What to do: Will you extract the entries word for word? Images should not appear in the copy.

>>

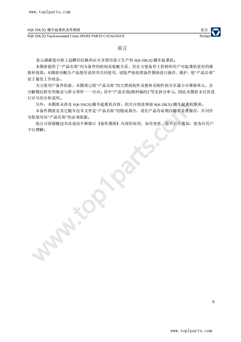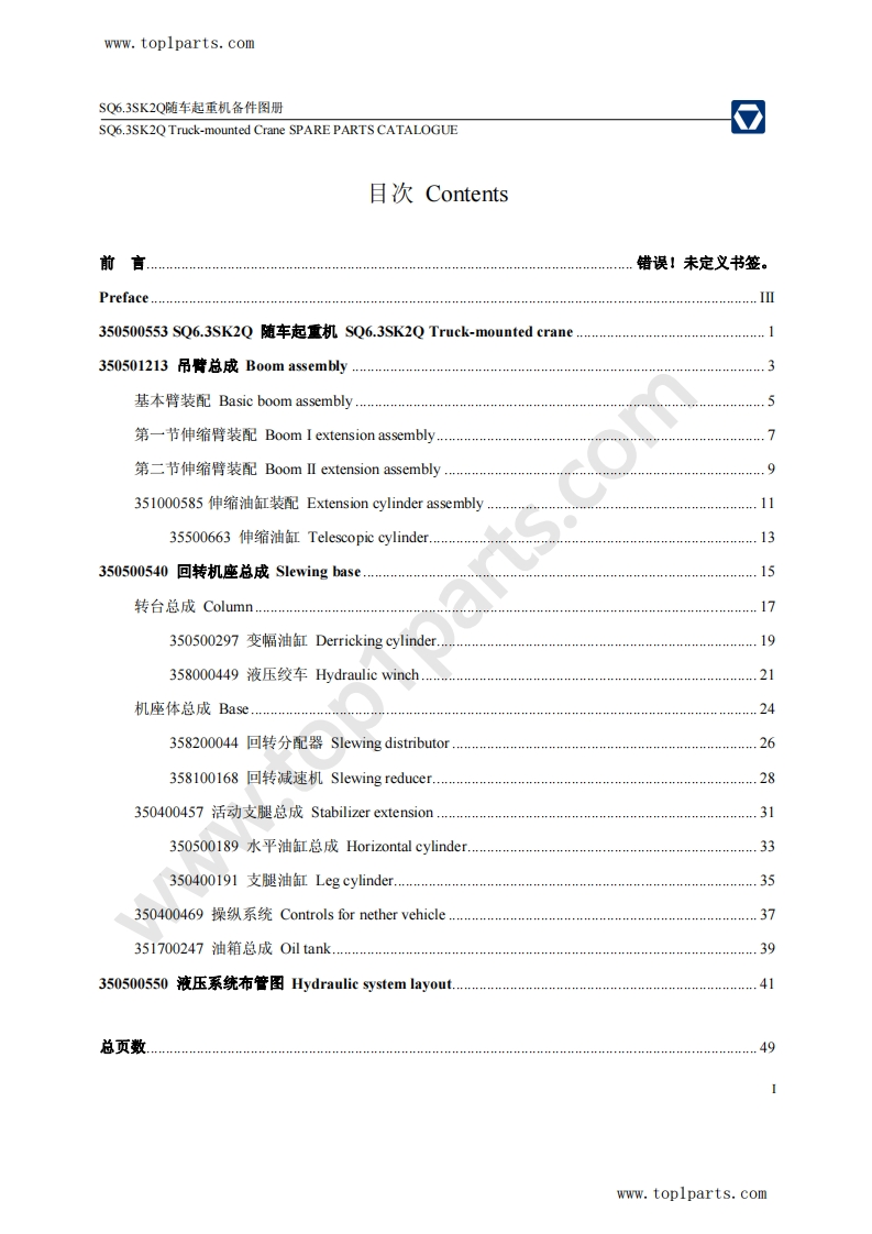 徐工随车起重机Sq6.3Sk2Q-Truck-Mounted-Crane-Spare-Parts零部件图册找手册网前天发布关注私信1.95MB49页045徐工随车起重机Sq6.3Sk2Q-Truck-Mounted-Crane-Spare-Parts零部件图册此内容为付费资源,请付费后查看¥29¥31黄金会员免费钻石会员免费立即购买您当前未登录!建议登陆后购买,可保存购买订单付费资源 第1页 / 共49页 第2页 / 共49页 第3页 / 共49页 第4页 / 共49页 第5页 / 共49页 第6页 / 共49页 第7页 / 共49页 第8页 / 共49页 第9页 / 共49页 第10页 / 共49页 试读已结束,还剩39页,您可下载完整版后进行离线阅读 THE END徐工集团 文本预览 www.toplparts.com☑XCcSQ6.3SK2Q随车起重机备件图SQ6.3SK2Q Truck-mounted Crane SPARE PARTS1Oats.comwww.toplparts.com 查看更多 收起部分 喜欢就支持一下吧收藏
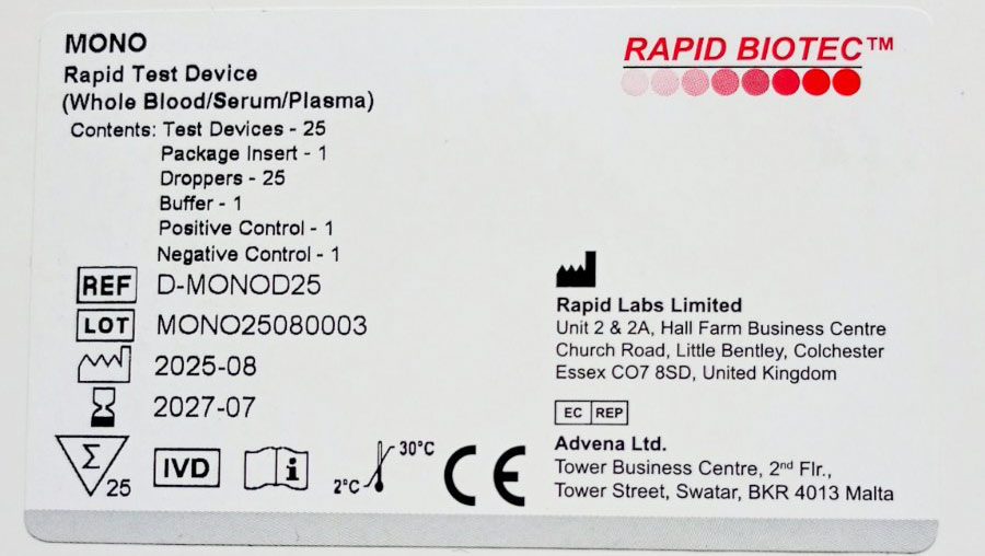 Швидкий тест MONO (цельна кров/сироватка/плазма) — це простий тест, що використовує екстракт еритроцитів великої рогатої худоби для якісного та селективного визначення гетерофільних антитіл інфекційного мононуклеозу в зразках цільної крові, сироватки або плазми протягом кількох хвилин.
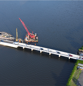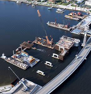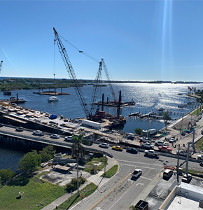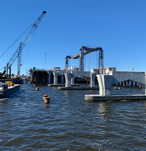 Intermediate piers for the main bascule bridge’s east approach are completed. December 2020
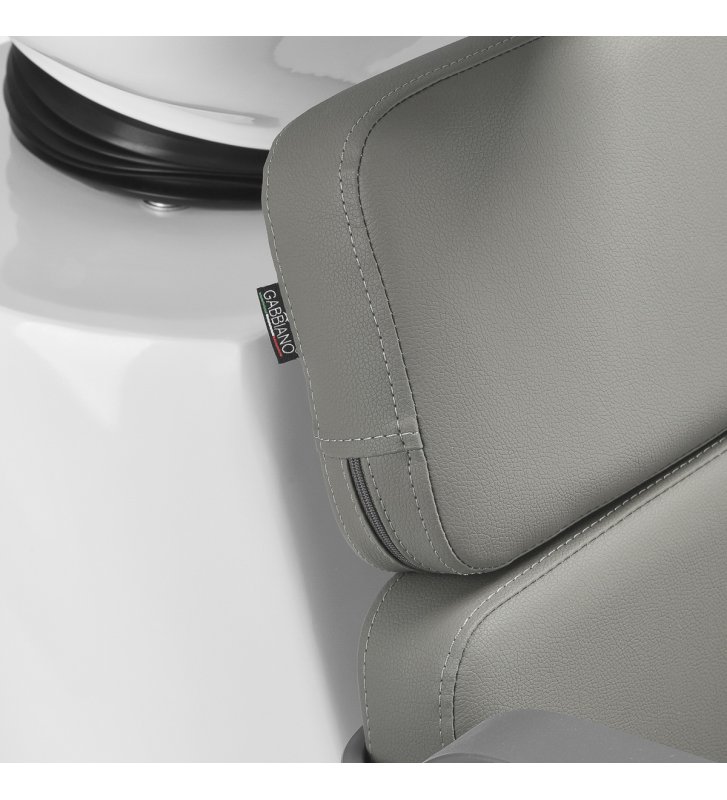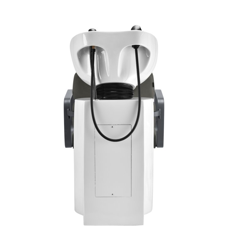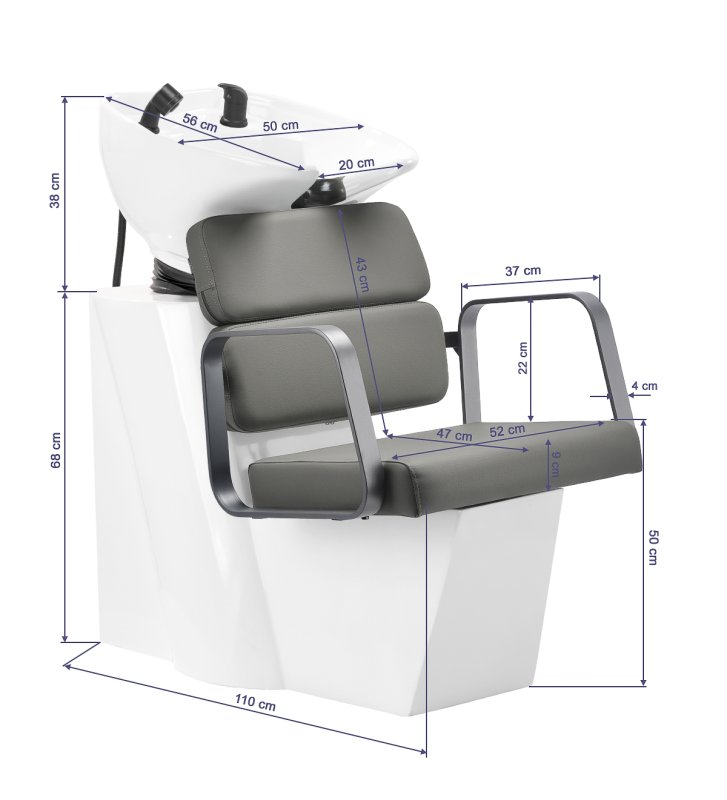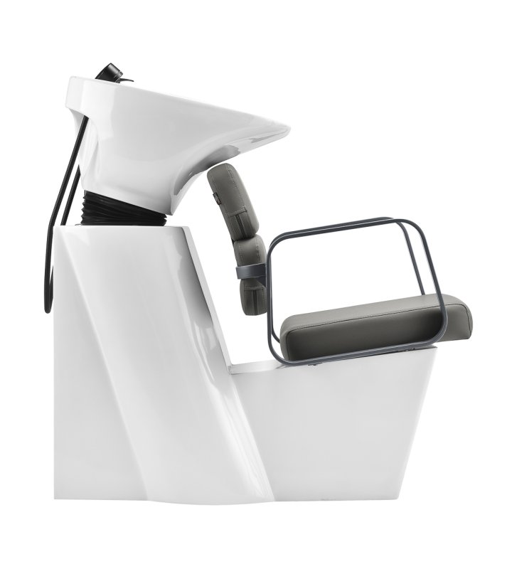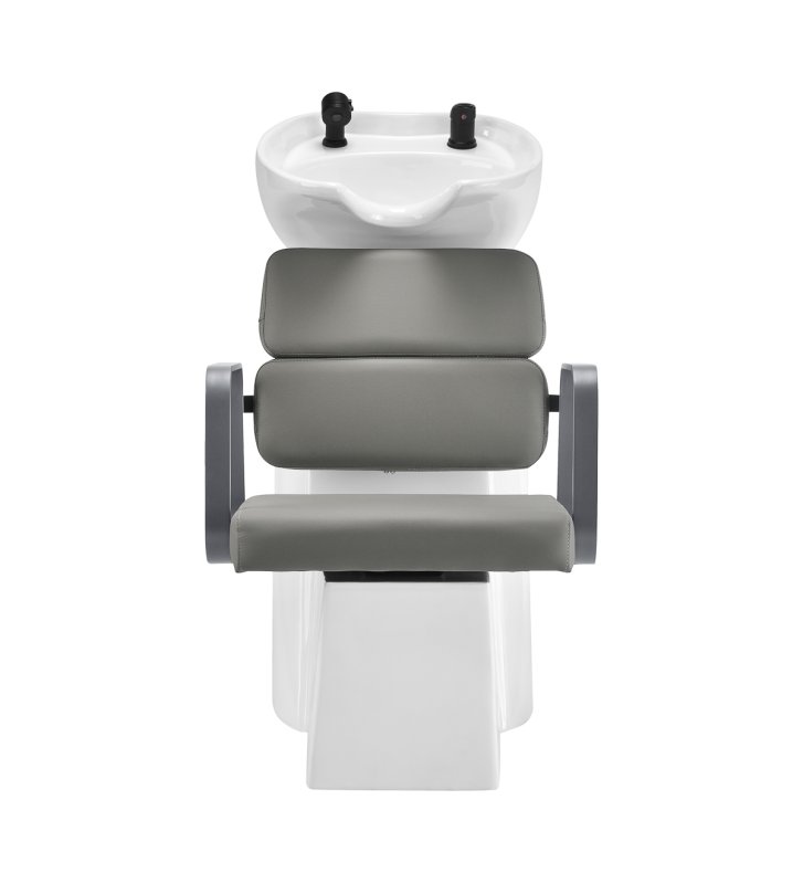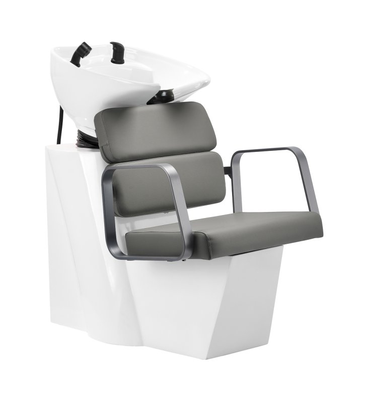Wyprofilowany fotel zapewnia odpowiednie wsparcie lędźwi, a co za tym idzie wysoki komfort użytkowania. Metalowe podłokietniki w odcieniach szarości o geometrycznym kształcie pozwalają na prawidłowe ułożenie barków klienta. Wypełnienie z trwałej, odpornej na odkształcenia pianki oraz obicie wykonane z przyjemnej w dotyku skóry syntetycznej w odcieniach szarości zapewniają trwałość mebla, łatwość czyszczenia i komfortowe użytkowanie przez długi czas. Oryginalny, elegancki wygląd myjni nadaje wnętrzom niepowtarzalnego wyrazu. W zestawie znajduje się kompletna armatura w odcieniach czerni, w tym bateria, słuchawka prysznicowa oraz dedykowane węże, aby zapewnić kompletny zestaw narzędzi do pracy.
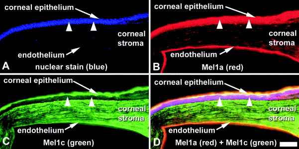 Immunocytochemistry of Xenopus laevis cornea with melatonin Mel1a and Mel1c receptor antibodies. (A) Corneal section stained with blue nuclear dye (DAPI). (B) Corneal section incubated with Mel1a receptor antibody followed by incubation in secondary antibody conjugated to a red fluorescent dye. Mel1a labelling is intense in corneal epithelium (arrowheads) and endothelium, and to a lesser extent labels cells in the corneal stroma. (C) Corneal section incubated with Mel1c receptor antibody followed by incubation in secondary antibody conjugated to a green fluorescent dye. Mel1c labelling is intense in the superficial layer of corneal epithelium and in cells of the corneal stroma. The corneal endothelium and deeper layers of epithelium (arrowheads) were weakly stained. (D) Merged image of Mel1a and Mel1c labelled cornea. Yellow color indicates areas of co- localization of Mel1a and Mel1c. Scale bar=100 μm.
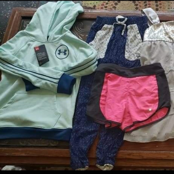 Girl's clothing bundle size 8/10. Some brand new. Brands include Under Armour sweater, Roxy pants, American Girl dress, & Carter's dress.
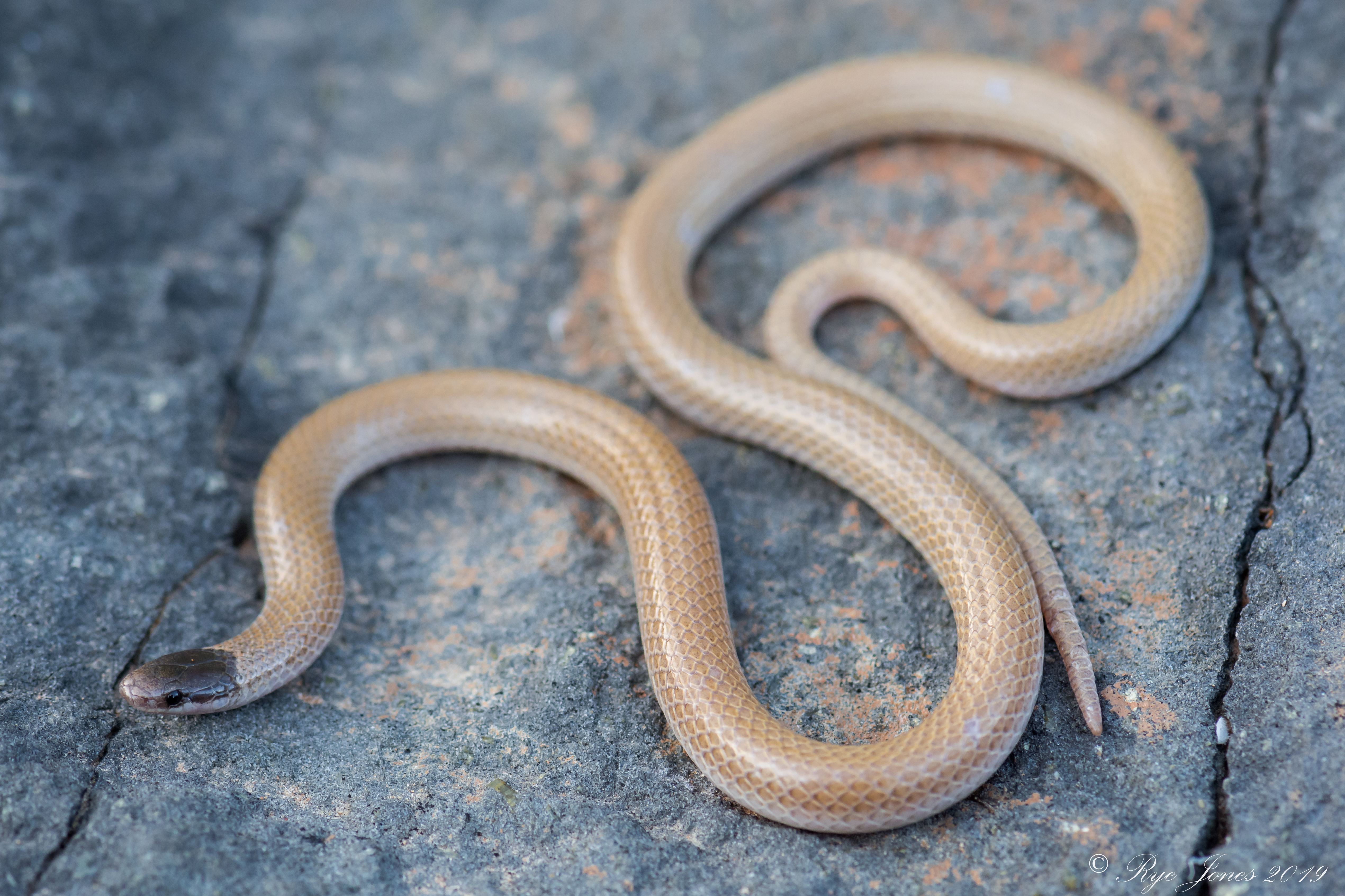 Description: A patternless tan or brown body with a black cap on top of the head. The ventral has a salmon-pink, orange or red stripe. This snake has smooth scales.

<<

Answer area:
 徐工随车起重机Sq6.3Sk2Q-Truck-Mounted-Crane-Spare-Parts零部件图册找手册网前天发布关注私信1.95MB49页045徐工随车起重机Sq6.3Sk2Q-Truck-Mounted-Crane-Spare-Parts零部件图册此内容为付费资源,请付费后查看¥29¥31黄金会员免费钻石会员免费立即购买您当前未登录!建议登陆后购买,可保存购买订单付费资源 第1页 / 共49页 第2页 / 共49页 第3页 / 共49页 第4页 / 共49页 第5页 / 共49页 第6页 / 共49页 第7页 / 共49页 第8页 / 共49页 第9页 / 共49页 第10页 / 共49页 试读已结束,还剩39页,您可下载完整版后进行离线阅读 THE END徐工集团 文本预览 www.toplparts.com☑XCcSQ6.3SK2Q随车起重机备件图SQ6.3SK2Q Truck-mounted Crane SPARE PARTS1Oats.comwww.toplparts.com 查看更多 收起部分 喜欢就支持一下吧收藏
 Швидкий тест MONO (цельна кров/сироватка/плазма) — це простий тест, що використовує екстракт еритроцитів великої рогатої худоби для якісного та селективного визначення гетерофільних антитіл інфекційного мононуклеозу в зразках цільної крові, сироватки або плазми протягом кількох хвилин.
 Intermediate piers for the main bascule bridge’s east approach are completed. December 2020
Wyprofilowany fotel zapewnia odpowiednie wsparcie lędźwi, a co za tym idzie wysoki komfort użytkowania. Metalowe podłokietniki w odcieniach szarości o geometrycznym kształcie pozwalają na prawidłowe ułożenie barków klienta. Wypełnienie z trwałej, odpornej na odkształcenia pianki oraz obicie wykonane z przyjemnej w dotyku skóry syntetycznej w odcieniach szarości zapewniają trwałość mebla, łatwość czyszczenia i komfortowe użytkowanie przez długi czas. Oryginalny, elegancki wygląd myjni nadaje wnętrzom niepowtarzalnego wyrazu. W zestawie znajduje się kompletna armatura w odcieniach czerni, w tym bateria, słuchawka prysznicowa oraz dedykowane węże, aby zapewnić kompletny zestaw narzędzi do pracy.
 Immunocytochemistry of Xenopus laevis cornea with melatonin Mel1a and Mel1c receptor antibodies. (A) Corneal section stained with blue nuclear dye (DAPI). (B) Corneal section incubated with Mel1a receptor antibody followed by incubation in secondary antibody conjugated to a red fluorescent dye. Mel1a labelling is intense in corneal epithelium (arrowheads) and endothelium, and to a lesser extent labels cells in the corneal stroma. (C) Corneal section incubated with Mel1c receptor antibody followed by incubation in secondary antibody conjugated to a green fluorescent dye. Mel1c labelling is intense in the superficial layer of corneal epithelium and in cells of the corneal stroma. The corneal endothelium and deeper layers of epithelium (arrowheads) were weakly stained. (D) Merged image of Mel1a and Mel1c labelled cornea. Yellow color indicates areas of co- localization of Mel1a and Mel1c. Scale bar=100 μm.
 Girl's clothing bundle size 8/10. Some brand new. Brands include Under Armour sweater, Roxy pants, American Girl dress, & Carter's dress.
 Description: A patternless tan or brown body with a black cap on top of the head. The ventral has a salmon-pink, orange or red stripe. This snake has smooth scales.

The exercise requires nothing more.